[Start of section]

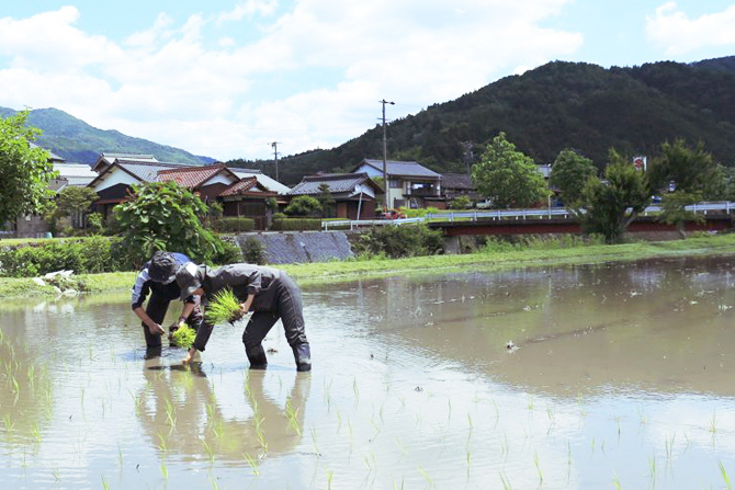 年間を通してイベントにも力を入れていている伊藤さん。2年前には体験者用の田んぼを整備し、「1000本プロジェクト@黒川」をスタート。「1000本プロジェクトは、京都府の塩見直紀さんという方が提唱しているもので、1本の苗からとれるお米はお茶碗1杯ぐらいなので、1000本の苗があれば1人1年分のご飯をほ賄えるという発想から始まったものです」。実際に体験をして共感した伊藤さんは、ここ黒川地区で実践。1枚の田んぼをいくつかの区画にわけ、参加者が田植え、草取り、稲刈りを行い、収穫したお米を持ち帰って食べるという、お米の自給体験を一通りできるようにしたもの。現在は、5グループが参加しています。
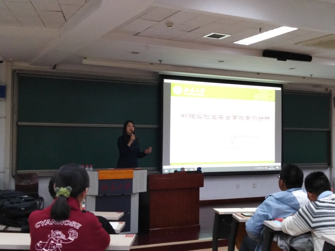 针对物理学院实验课程、环节多的特点,刘雪蕾老师就实验室安全事故案例,生动地说明了实验室安全的重要性,希望引起大家对安全的重视。刘老师播放了近年实验室安全事故的新闻视频,使同学们有了直观的感受。接着,刘老师讲解了大型仪器使用和实验的相关安全注意事项,介绍了事故的紧急处理方法。详实的数据、典型的案例、精准的分析,赢得了现场听众的阵阵掌声。讲座尾声,就实验室安全知识进行了随堂测验。同学们认真作答试卷,表示收获颇丰,会严格遵守实验室的各项制度,时刻注意实验室安全。
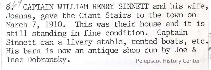A print copy of Captain William Henry Sinnett. He and his wife gave the Giant Stairs to the town. See back of photo for more info. UndatedCollection
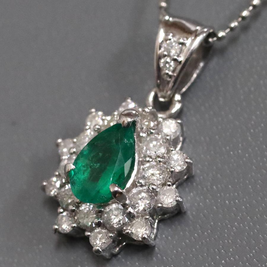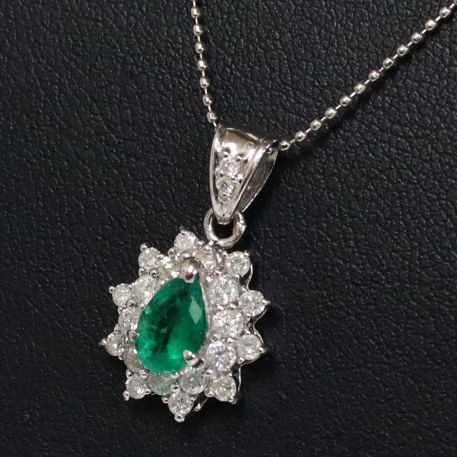 Pt900/850エメラルドダイヤモンドペンダントの中古品です。エメラルド ダイヤモンド共にインクルージョンは多めで、カーボン状のものもあります。エメラルドのインクルージョンは肉眼でも確認できます。一部のダイヤモンドとエメラルドの表面に天然の欠けがあります。地金にはわずかに小傷があります。+---+---+---+---+---+。{状態}B{素材}トップPt900,エメラルド,ダイヤモンドチェーンPt850{サイズ}トップ約W13mm × H13mm(バチカン含まず)チェーン長約45cm。{その他}E0.59ct,D0.68ct,5.1g。{付属品}なし(サービス箱をお付けします){お問合せ商品番号}25103041+---+---+---+---+---+。
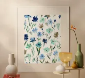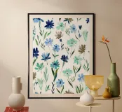 Loose watercolor florals in soft blues, mint greens, and earthy taupes scatter across a crisp white background. This breezy composition captures the lightness and spontaneity of spring wildflowers in bloom.

[End of section]

* [Exercise objective]:
Give back each of the records above word for word, apart from the pictures.

* [Written solution]:
 年間を通してイベントにも力を入れていている伊藤さん。2年前には体験者用の田んぼを整備し、「1000本プロジェクト@黒川」をスタート。「1000本プロジェクトは、京都府の塩見直紀さんという方が提唱しているもので、1本の苗からとれるお米はお茶碗1杯ぐらいなので、1000本の苗があれば1人1年分のご飯をほ賄えるという発想から始まったものです」。実際に体験をして共感した伊藤さんは、ここ黒川地区で実践。1枚の田んぼをいくつかの区画にわけ、参加者が田植え、草取り、稲刈りを行い、収穫したお米を持ち帰って食べるという、お米の自給体験を一通りできるようにしたもの。現在は、5グループが参加しています。
 针对物理学院实验课程、环节多的特点,刘雪蕾老师就实验室安全事故案例,生动地说明了实验室安全的重要性,希望引起大家对安全的重视。刘老师播放了近年实验室安全事故的新闻视频,使同学们有了直观的感受。接着,刘老师讲解了大型仪器使用和实验的相关安全注意事项,介绍了事故的紧急处理方法。详实的数据、典型的案例、精准的分析,赢得了现场听众的阵阵掌声。讲座尾声,就实验室安全知识进行了随堂测验。同学们认真作答试卷,表示收获颇丰,会严格遵守实验室的各项制度,时刻注意实验室安全。
A print copy of Captain William Henry Sinnett. He and his wife gave the Giant Stairs to the town. See back of photo for more info. UndatedCollection
 Pt900/850エメラルドダイヤモンドペンダントの中古品です。エメラルド ダイヤモンド共にインクルージョンは多めで、カーボン状のものもあります。エメラルドのインクルージョンは肉眼でも確認できます。一部のダイヤモンドとエメラルドの表面に天然の欠けがあります。地金にはわずかに小傷があります。+---+---+---+---+---+。{状態}B{素材}トップPt900,エメラルド,ダイヤモンドチェーンPt850{サイズ}トップ約W13mm × H13mm(バチカン含まず)チェーン長約45cm。{その他}E0.59ct,D0.68ct,5.1g。{付属品}なし(サービス箱をお付けします){お問合せ商品番号}25103041+---+---+---+---+---+。
 Loose watercolor florals in soft blues, mint greens, and earthy taupes scatter across a crisp white background. This breezy composition captures the lightness and spontaneity of spring wildflowers in bloom.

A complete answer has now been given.